Optimalisasi penerapan tramsparansi pelaporan keuangan dalam sebuah pemerintahan menjadi kajian yang menarik berikutnya untuk peneliti analisis. Kondisi Pemerintah Kota Serang yang baru seumur jagung dan sekaligus sebagai jantungnya kota di Provinsi Banten sangat strategis untuk dikaji lebih mendalam terkait dengan penerapan transparansi pelaporan keuangannya. Dalam kajian pustaka sebelumnya disebutkan bahwa transparansi keuangan pemerintah daerah adalah hak semua warganya, oleh karena itu optimalisasi penerapan transparansi pelaporan keuangan pada Pemerintah Kota Serang menjadi sebuah keharusan.
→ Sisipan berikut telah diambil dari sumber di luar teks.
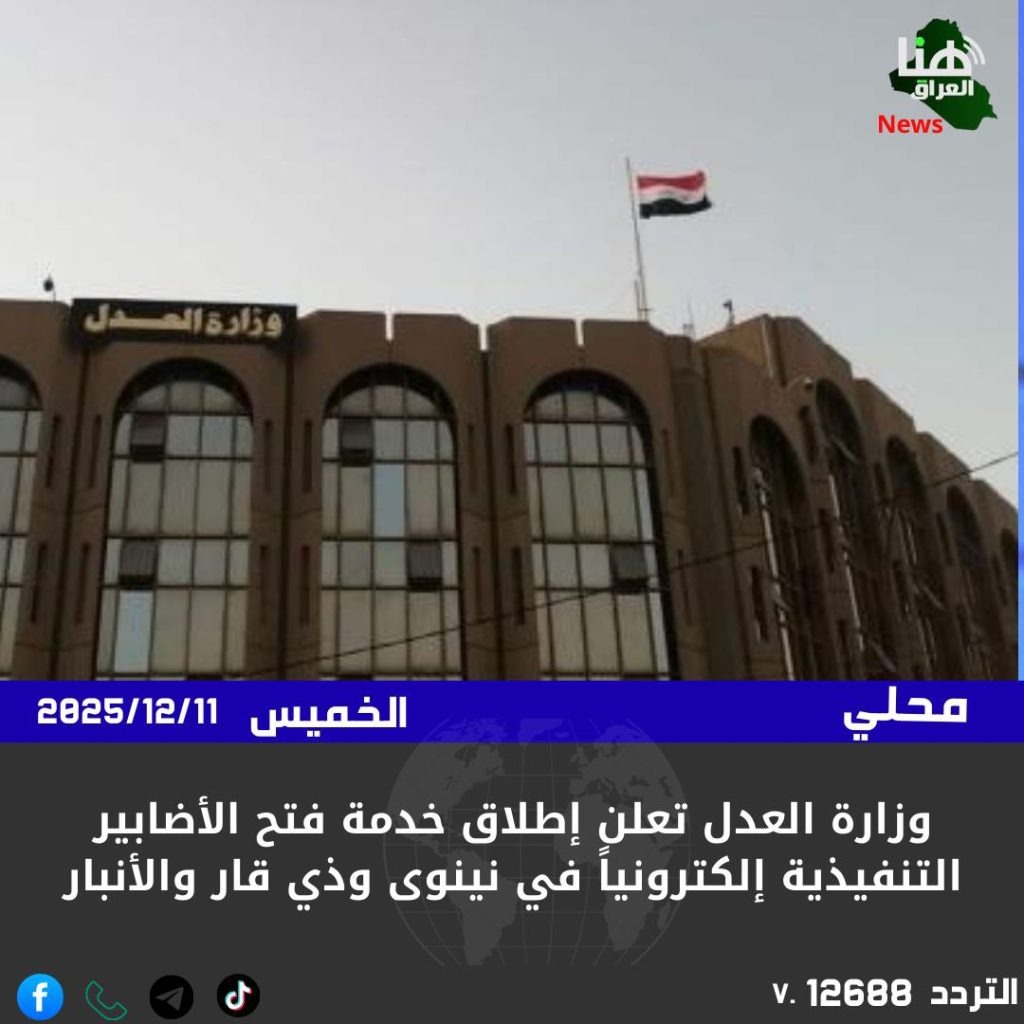 الرئيسية/محلي/وزارة العدل تعلن إطلاق خدمة فتح الأضابير التنفيذية إلكترونياً في نينوى وذي قار والأنبار محلي وزارة العدل تعلن إطلاق خدمة فتح الأضابير التنفيذية إلكترونياً في نينوى وذي قار والأنبار شاركها فيسبوك X لينكدإن Tumblr بينتيريست Reddit VKontakte Odnoklassniki Pocket مشاركة عبر البريد طباعة

Kalau dalam kedua penelitian sebelumnya senantiasa menyertakan variabel “ketidakpastian lingkungan” selain tekanan eksternal dan komitmen manajemen yang dimasukkan dalam unsur judul penelitian, maka dalam penelitian ini peneliti tidak memasukan variable apapun, karena penelitian ini menggunakan metode deskriptif kualitatif yang hanya menggambarkan serta menjelaskan tekanan eksternal dan komitmen manajemen dalam mengoptimalkan penerapan transparansi pelaporan keuangan pada Pemerintah Kota Serang.